Our purpose is to bring hope to life by enabling life-changing therapies for patients around the globe, creating a healthier and happier tomorrow. Our mission is to work side by side with our customers in order to improve patients’ lives by bringing new biopharmaceuticals to market.

This is a Senior Development Scientist position in the Downstream Process Development group.  Primary responsibilities include development of processes and characterization for GMP manufacturing, client management, and technology development. In addition, management and scientific mentoring of junior personnel, and helping to support and manage laboratory and equipment operations.

PRINCIPAL RESPONSIBILITIES:

• Coordinate downstream development activities leading to clinical and commercial manufacturing for multiple client projects
• Work with clients and internal project teams in the successful completion of contract manufacturing projects
• Present data at client project teams and written reports
• Take a leadership role within the department for developing downstream processes:
• Design downstream processes capable of scaling to GMP production in the AGC manufacturing environment
• Develop, coordinate, and communicate experimental plans within the department
• Execute and manage DoE modeling of critical protein purification processing, and bench scale experiments
• Manage large data sets and provide technical guidance to others in the analysis and interpretation of data
• Write contract manufacturing development reports, characterization development protocols and characterization reports.
• Coordinate activities and experiments with project management, manufacturing, upstream development, and analytical development
• Provide technical support to manufacturing during large scale manufacturing campaigns
• Contribute to the overall operation of the lab and infrastructure improvements
• Provide technical support in the laboratory as necessary
• Implementation of new equipment and technology
• Provide technical and strategic planning support to business development activities with respect to new client projects and new business initiatives

KNOWLEDGE, SKILLS & ABILITIES:

• Background in downstream purification development and process characterization
• Excellent technical writing and presentation skills

EDUCATION/EXPERIENCE:

• BS/MS with 10+ years of experience, or PhD or equivalent and 5+ years of experience. Equivalent education and specific experience may substitute for stated requirements
• Demonstrated experience in protein purification and process characterization
• Evidence of supervisory, technical guidance and Project leadership
• Experience with JMP or other statistical analysis tools would be beneficial
• Experience with process validation activities and knowledge of large-scale manufacturing activities in a GMP environment

COMPENSATION RANGE:

$125,000 - $197,000

Our culture at AGC Biologics is defined by the six core values: Knowledge, Trust, Quality, Ingenuity, Accountability and Teamwork. Our core values stem from our team members and are embedded into our DNA. They provide a common language and understanding of how we as an organization are connected across three continents. Our core values serve as a compass and reminder of how we achieve our purpose of bringing hope to life for patients around the globe. 
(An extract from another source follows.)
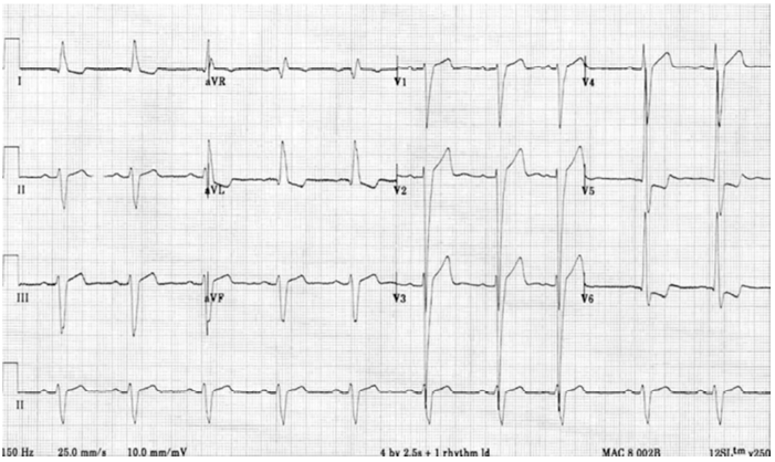 Uma paciente de 44 anos de idade foi atendida em consulta ambulatorial. Relatou diagnóstico de síndrome do túnel do carpo, hipertensão arterial sistêmica (HAS) e diabetes do tipo 2 (DM2) havia cinco anos, em uso regular de anlodipino, enalapril, hidroclorotiazida, metformina e vildagliptina nas doses máximas preconizadas. Ela mencionou lombalgia e hiperidrose. Ao exame físico, apresentava hiperlordose lombar, prognatismo mandibular, circunferência abdominal de 98 cm, pressão arterial de 154 mmHg × 98 mmHg (média de três medidas) e frequência cardíaca de 60 bpm, além de dor e limitação articular na região lombar. Os demais achados do exame físico mostraram-se normais. Foram pedidos alguns exames laboratoriais de rotina cujos resultados revelaram: triglicerídeos de 198 mg/dl, colesterol total de 240 mg/dl; HDL colesterol de 30 mg/dl, LDL colesterol de 170 mg/dl, glicemia de jejum de 150 mg/dl e hemoglobina glicada de 8%. Os demais exames não revelaram anormalidades significativas e o eletrocardiograma obtido é apresentado a seguir.

AGC Biologics is a leading global biopharmaceutical Contract Development and Manufacturing Organization (CDMO) with a strong commitment to delivering the highest standard of service as we work side-by-side with our clients and partners, every step of the way. We provide world-class development and manufacture of mammalian and microbial-based therapeutic proteins, plasmid DNA (pDNA), messenger RNA (mRNA), viral vectors, and genetically engineered cells. Our global network spans the U.S., Europe, and Asia, with cGMP-compliant facilities in Seattle, Washington; Boulder and Longmont, Colorado; Copenhagen, Denmark; Heidelberg, Germany; Milan, Italy; and Chiba, Japan. We currently employ more than 2,500 employees worldwide. Our commitment to continuous innovation fosters the technical creativity to solve our clients’ most complex challenges, including specialization in fast-track projects and rare diseases. AGC Biologics is the partner of choice. To learn more, visit www.agcbio.com.  Want to keep posted about our growth and learn more about our company? Follow us on LinkedIn and give us a quick Like on Facebook!

AGC Biologics offers a highly competitive compensation package and a friendly, collaborative culture that values personal initiative and professional achievement. AGC Biologics is an equal opportunity employer. All qualified applicants will receive consideration for employment without regard to age, ancestry, color, family or medical care leave, gender identity or expression, genetic information, marital status, medical condition, national origin, physical or mental disability, political affiliation, protected veteran status, race, religion, sexual orientation, or any other characteristic protected by applicable laws, regulations and ordinances.